Switching Gears
I’m a person who loves a system. I streamline and organize and improve processes by nature. I’ve done it since I was little (just ask my Marge, who still has nightmares about me re-organizing her kitchen drawers!). In my pre-motherhood life, I had the household chores assigned to a day of the week:
Mondays: Grocery Shopping
Tuesdays: Admin things (bill paying, phone calls, appointment making, etc)
Wednesdays: Cleaning & houseplant watering
ETC
Here we are in the Motherhood days, though, and my systems and schedules are often dictated by the needs of a small human who has been teething nonstop since 6 months old. Intense teething weeks are hard. Nothing extra happens.
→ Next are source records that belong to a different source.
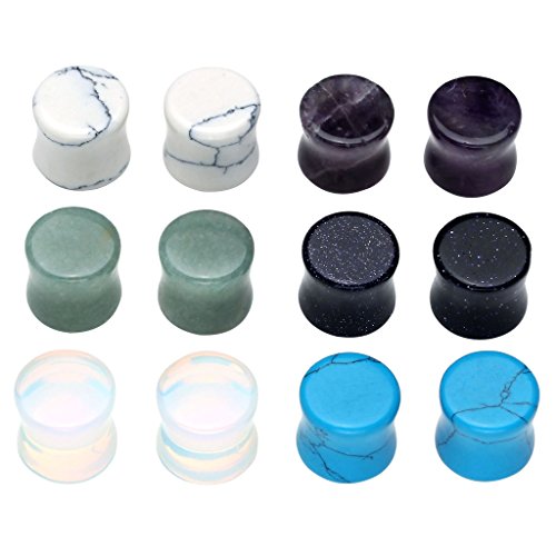 PiercingJ 12pcs Natural Gem Stone Double Flared Saddle Plug Gauge Ear Stretcher Piercing Jewelry Gauge kit 2g 0g 00g 12mm 14mm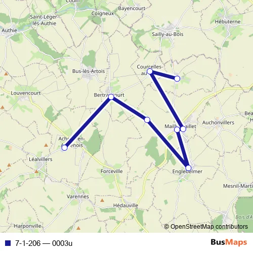 The first stop of the 7-1-206 bus route is Acheux-EN-Amienois - Collège Edmée Jarlaud and the last stop is Colincamps - Centre. 7-1-206 (0003u) is operational during tous les jours.
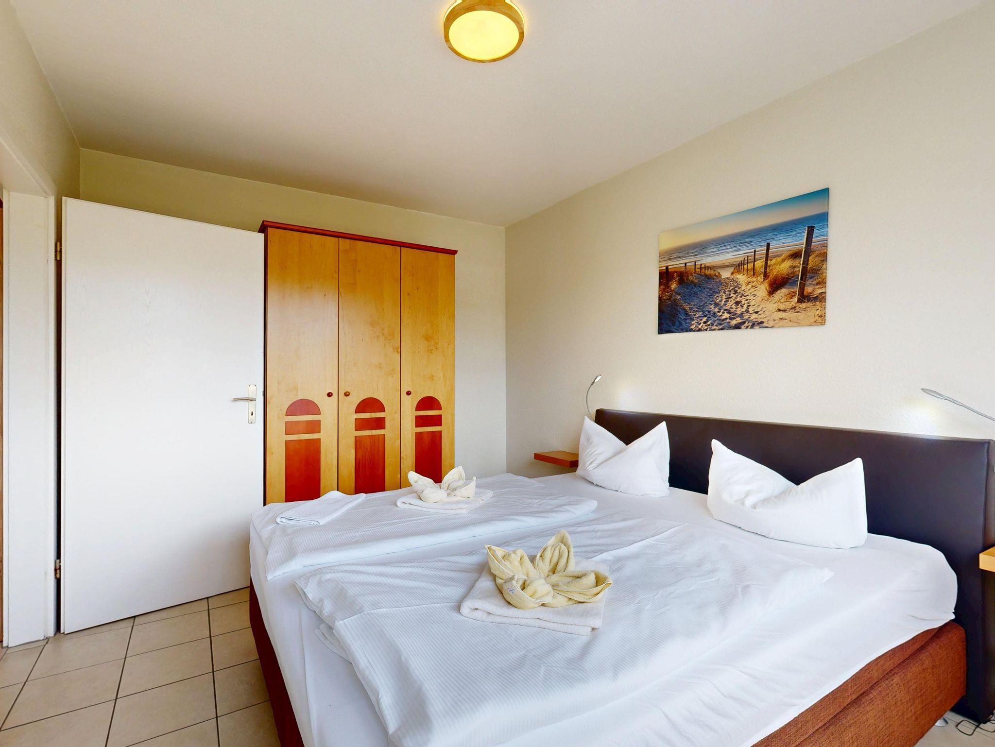 Ferienwohnung Binzer Sterne 42 für bis zu 4 Personen im Erdgeschoss (2 Zimmer / 45 m²) des Appartementhauses Binzer Sterne, 1 Schlafzimmer, Parkplatz (gegen Gebühr) und freies WLAN.

The Wednesday house cleaning gets pushed to Friday, then to Sunday, then maybe, sometimes til the following Wednesday (how long can she stand a dirty house?). It was maddening in the beginning, but I think, by now, I’ve learned to re-use my to-do list until the things are accomplished or just set aside. I don’t cross nearly as many items off of my lists. My systems aren’t the boss of me; they’re simply a tool I use.
I say all this to say: Systems aren’t everything.
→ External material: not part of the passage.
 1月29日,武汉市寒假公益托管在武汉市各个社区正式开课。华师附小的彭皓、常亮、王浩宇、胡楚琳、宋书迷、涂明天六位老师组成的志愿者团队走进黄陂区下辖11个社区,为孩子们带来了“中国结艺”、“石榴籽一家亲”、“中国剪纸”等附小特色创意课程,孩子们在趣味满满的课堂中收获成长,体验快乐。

We can follow as system to the letter and end up exhausted, angsty, or, as Micah says sometimes, “dead wrong,” which is to say: Technically correct, but dead on the inside, devoid of Love.
Whether it’s a roommate situation, a marriage, or a church family, the ‘way we’ve always done it,” the prior expectations, the rules we’ve made up for ourselves in the name of flourishing, at some point, fail, and then what do we do?
I was talking to a friend this week who is partnered to a person with a chronic mental health challenge. It isn’t the partnership they envisioned when they entered it. The way the terms of the partnership were defined before no longer fit, and that’s painful for all parties. When we find ourselves in a spot like this, do we disengage, or do we do the mourning work we need to and then get curious?
If we choose curiosity, I think we’re opening ourselves up to be governed, not by the systems that have worked in the past, not by broader societal expectations, but by Love. We start to ask ourselves questions like:
What’s the most generous interpretation of this situation?
What does this moment of life require of me that’s different? How do I meet this moment?
How can I honor my own feelings while being open to the changing needs of others?
What situations are mine to worry about, and which are best released?
How can I try to see myself and other folks the way God sees all of us?
These days I’m trying to be a person who switches gears graciously and relatively quickly. If I’m walking in step with Love, I trust that nothing is wasted in the midst of that change, and maybe, just maybe, there’ll be more life in the process, too.
May you be met in the midst of your systems this week by the Love that is there when you need an alternative. Amen.